# Jenji Kohan's 'Orange Is The New Black' Is Ready To Be Streamed This Weekend On Netflix



## keithlock (Feb 5, 2013)

_Weeds_ creator, Jenji Kohan, has put out a new series that people are apparently loving. It is a 'prison dramedy' called _Orange Is The New Black_, produced by Lionsgate Television. It's now available (since Thursday), in its entirety (all 13 eopisodes) on Netflix. I decided to restart my Netflix subscription just to binge on the series this weekend.








This is a drama specific to Netflix, bought and paid for by the company. It is exclusive to this streaming company and you can get access to all episodes for free if you don't already have an account. You can get a free trial, and plenty of time to watch the full series. If you already have an account, and it is just paused like mine was, you get exclusive access after you pay your 8 bucks. Just last month, Netflix renewed the series for a second season.

The show is based on the memoir of Piper Kerman, and more specifically, a year that she spent in a women's federal prison. The main character in the show is Piper Chapman, who pleads guilty for posession of drug money, tied to international drug smuggler Alex Vause. She was sentenced to serve 15 months in the prison.

*Orange Is The New Black Cast*

Main stars in the dramedy are Taylor Schilling who plays Piper amd her fiance Jason Biggs (who plays Larry Bloom). Laura Prepon (from That 70's Show) plays the role of Alex, who is the drug dealing ex-girlfriend to Piper.

Other cast members include: Kate Mulgrew, Danielle Brooks, Michael Harney, Michelle Hurst, Maria Dizzia, Natasha Lyonne, Pablo Schreiber, and Lea DeLaria.

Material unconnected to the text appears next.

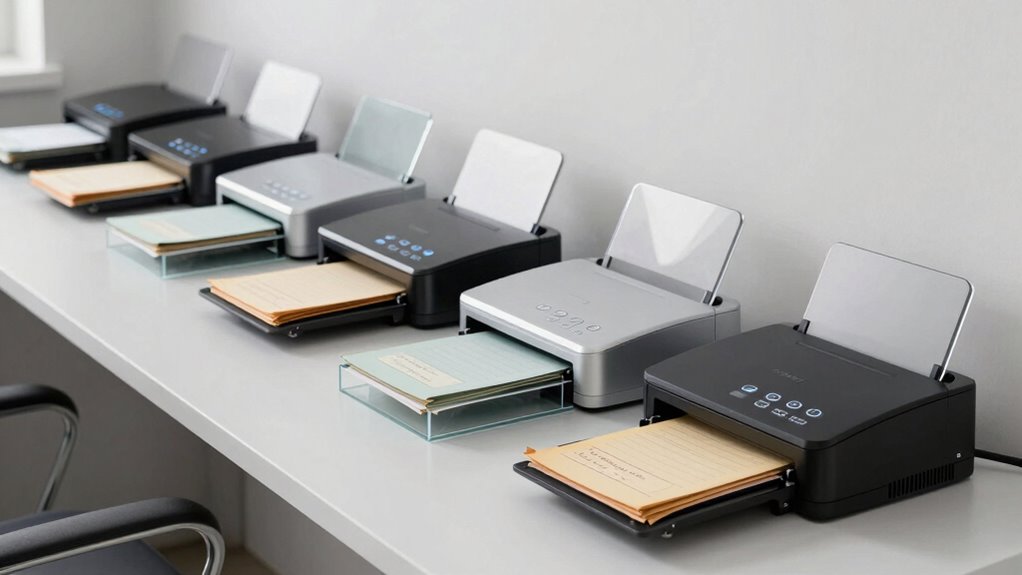 Selecting a desktop scanner that supports a variety of document types is vital for thorough digitization of retirement files. You want to guarantee it can handle standard papers, thick documents, IDs, and plastic cards, so nothing gets left behind. Check if the scanner can process different sizes, from small business cards to long documents up to 72 inches, for versatile use. Compatibility with various file formats, such as searchable PDFs, JPEGs, and editable Word or Excel files, is also indispensable for flexible document management. Additionally, verify the OCR capabilities to convert images into text-searchable and editable digital files. Finally, consider whether it integrates smoothly with cloud storage and document management software, making organization and access effortless. This broad compatibility guarantees a complete and efficient digitization process.

The main title theme song for the series is "You've Got Time" and was recorded by Regina Spektor.

'Liking' Orange Is The New Black on Facebook grants you access to sneak previews and other clips.

Currently there is a 4 out 5 star rating on Netflix for the series from 5,453 votes cast. More that 180 reviews are present, most are positive. The negative aspects of most of the comments are complaints asking for the next season.

Warning: Orange Is The Black is NOT a family show by HTS standards


----------



## fschris (Oct 31, 2009)

I will have to check this out.... Netflix has been putting out some awesome stuff. Cant wait for House of cards Season 2.


----------



## bambambam (Jul 22, 2013)

I just finished this series 
Its actually pretty good


----------



## bambambam (Jul 22, 2013)

House of Cards was phenomenal 
Cant wait for the new season!


----------



## Infrasonic (Sep 28, 2010)

I'm about 9 episodes in and I'm enjoying it :T


----------



## mechman (Feb 8, 2007)

I thought that this series was hilarious! I'm looking forward to next season. :T


----------



## fschris (Oct 31, 2009)

I think Netflix is going to revolutionize the way people watch TV.... I hope they can hang in there. I am sure this is not a cheap endeavor.


----------